A rich man asked a Zen master to write something down that could encourage the prosperity of his family for years to come. It would be something that the family could cherish for generations. On a large piece of paper, the master wrote, “Father dies, son dies, grandson dies.”
The rich man became angry when he saw the master’s work. “I asked you to write something down that could bring happiness and prosperity to my family. Why do you give me something depressing like this?”
“If your son should die before you,” the master answered, “this would bring unbearable grief to your family. If your grandson should die before your son, this also would bring great sorrow. If your family, generation after generation, disappears in the order I have described, it will be the natural course of life. This is true happiness and prosperity.”
Very few of us actually think of own mortality in more than just abstract terms. Like Michelle points out to Fanny, the idea was not to put Fanny out on the street, or to kick her out of Hubbell and Michelle’s life. This will was not an indication of Hubbell wanting to sever ties with his mother. But he is no longer there to defend himself and to Fanny, Michelle’s words hold no weight.

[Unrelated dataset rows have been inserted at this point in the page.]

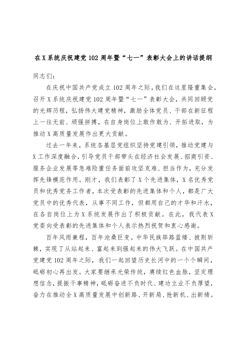 / 在X系统庆祝建党102周年暨“七一”表彰大会上的讲话提纲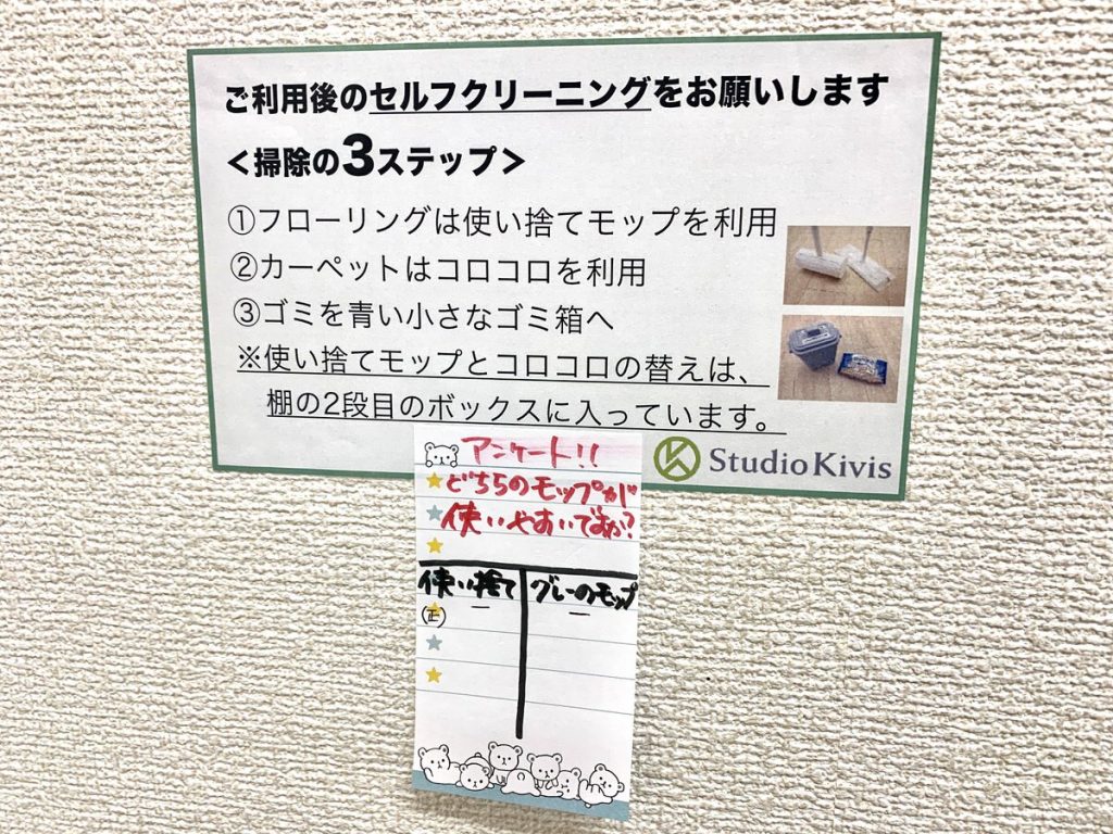 結果によって、「クイックルワイパーのまま」「レンタルモップに変更」「どちらも置いておく」のどれかにしようと考えております。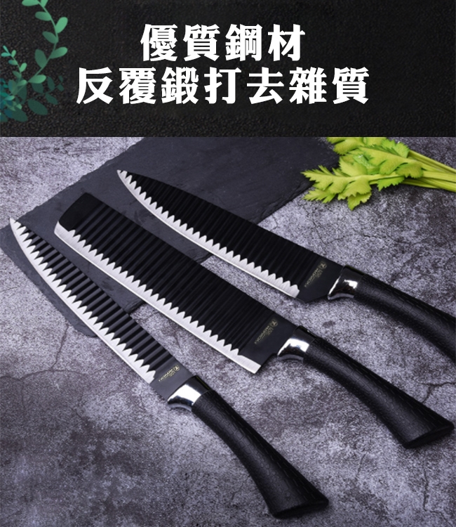 特點:空氣力學設計、物理不沾、超順手、波紋刀面平整切片、超神奇輕鬆應付食材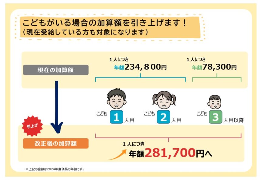 あわせて、子どもがいる場合の加算額が引き上げられます。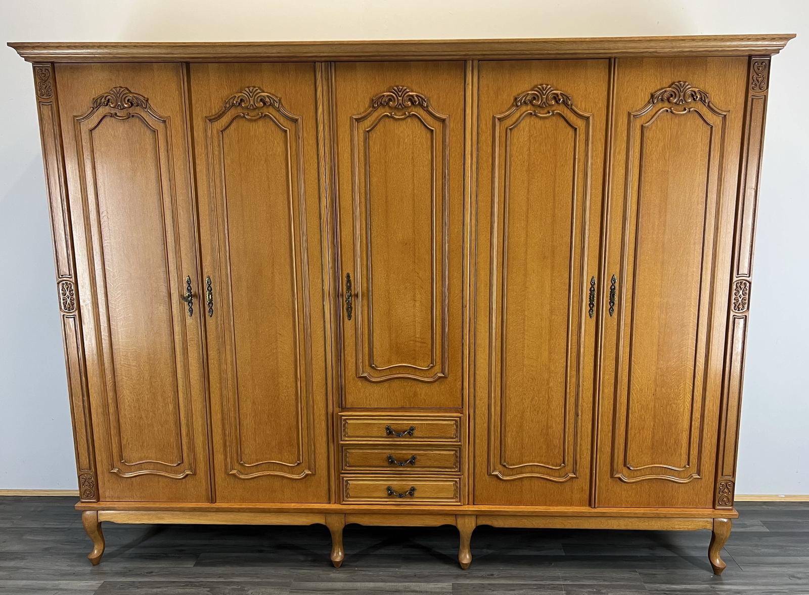 French Carved 5 Door Armoire Wardrobe

The third episode of Bunheads feels like its slowed down its pace. Its a deceptive change because it brings in a completely new set of characters to populate its universe with, an story for its main ladies and some resolution for Fanny and Michelle. The season may be populating its universe with characters, but what it really needs is an alternative hang out destination for the characters. Just having Fanny’s studio as a hang out place is problematic for the future. It limits the type of people Michelle will interact with (dancers, their parents, Fanny’s friends) and what binds she may form with them. For now, while the show is working on Fanny and Michelle’s relationship, I don’t mind meeting new people in this manner, they’ve been interesting, they’ve moved the story along; but I would like to have some recurring characters to show up too.

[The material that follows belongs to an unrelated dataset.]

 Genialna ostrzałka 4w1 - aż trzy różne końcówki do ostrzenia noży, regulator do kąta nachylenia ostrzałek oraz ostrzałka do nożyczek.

Michelle meets Ginny’s mother Claire who is a brilliant sales person. She brings food, shares a story to put Michelle at ease; she comes across as warm and caring; and for a moment I believed (as did Michelle) that a potential friend had finally made her way to her home, but then it turned on its head when it turns out she’s a real-estate agent hoping to have her property listed on her roster. She prey’s on ignorance, overwhelms her with the responsibility of being an owner of a 7 acre estate that has been thurst upon her. All Michelle wants is to step back, let Fanny take charge, but Fanny mistakenly believes Michelle intends to sell off her property and had invited Claire over herself.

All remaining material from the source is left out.